In 1964, Ross relocated to Seattle, having been offered the directorship in late 1963 of the new opera company being formed there. During his tenure with the Seattle Opera, he gained notice for his attention-grabbing promotional efforts and earned the nickname "the P. T. Barnum of opera". He used skywriting and bumper stickers, among other unusual advertising techniques. In addition, his slogans for his productions were often aimed at the emerging youth culture, such as the irreverent slogans, "La Boheme: Six old-time hippies in Paris" and "Romeo et Juliette: Two kids in trouble, real trouble, with their families." His slogan "Get Ahead with Salome" ruffled the feathers of more traditional operagoers. It was the policy in Seattle to stage all operas both in the original language and in English.

In 1975, he oversaw Seattle Opera's production of the Ring Cycle, making Seattle the first American company, other than the Metropolitan Opera, to attempt Richard Wagner's masterwork in its entirety during a single week. In Seattle, Ross was also noted for his ability to pare administrative expenses and keep the company on a sound financial footing.

In 1970, Ross was a cofounder of Opera America, an industry trade association for American opera companies, with the goal of enabling companies to share resources, information, and expertise. In 1971, the Seattle Opera staged Tommy, the rock opera written by The Who, with Bette Midler in a starring role.

On his ability to attract top opera stars to Seattle, at that time not considered a major center for opera, he explained: "An artist wants four things: one, a chance to do something that requires the best of his abilities; two, the opportunity to grow by singing different roles; three, prestige; and four, a paycheck."

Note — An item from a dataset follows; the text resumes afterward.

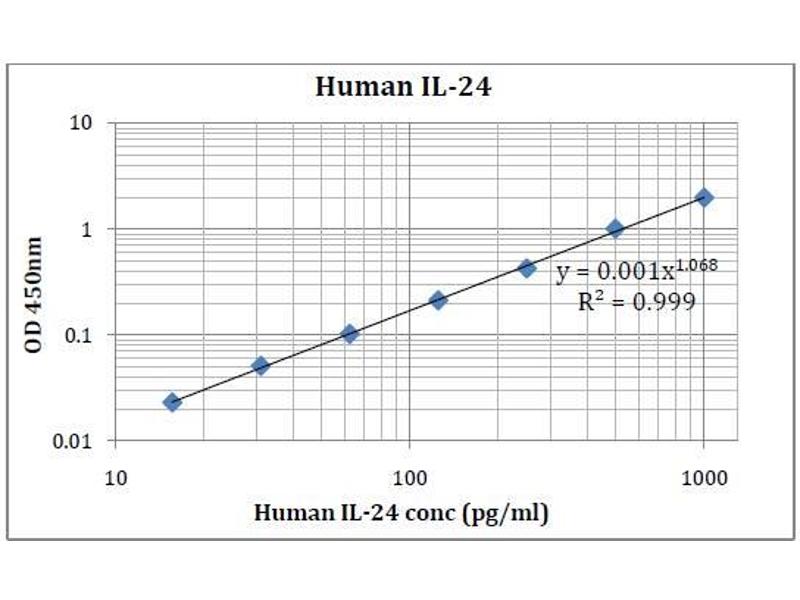 - This assay employs an antibody specific for Anti-humanIL-24 coated on a 96-well plate. Standards and samples are pipetted into the wells and IL-24 present in a sample is bound to the wells by the immobilized antibody. The wells are washed and biotinylated anti-humanIL-24 antibody is added. After washing away unbound biotinylated antibody, HRP-conjugated streptavidin is pipetted to the wells. The wells are again washed, a TMB substrate solution is added to the wells and color develops in proportion to the amount of IL-24 bound. The Stop Solution changes the color from blue to yellow, and the intensity of the color is measured at 450 nm.

Upon Ross's departure from the Seattle Opera, he was offered the top post at the struggling Arizona Opera in 1983, where he both expanded the company's offerings and restored it to financial health. He oversaw production of two Ring Cycles as summer festivals in Flagstaff, Arizona in 1996 and 1998, bold undertakings for a middle-sized opera company. His 1996 cycle, in particular, gained favorable notice. Ross retired from Arizona Opera in 1998

==Personal life==
He met Angelamaria Solimene in Naples and married her on November 15, 1946. They had four children. He died from a stroke on July 21, 2005.

==Other sources==
- Winthrop Sargeant, The Ring's the Thing (The New Yorker, June 26, 1978, pp. 35–50)
- Bill Zakariasen, Stagecoach to Valhalla (Opera News, June 1996, Vol. 60, No. 17, p. 26)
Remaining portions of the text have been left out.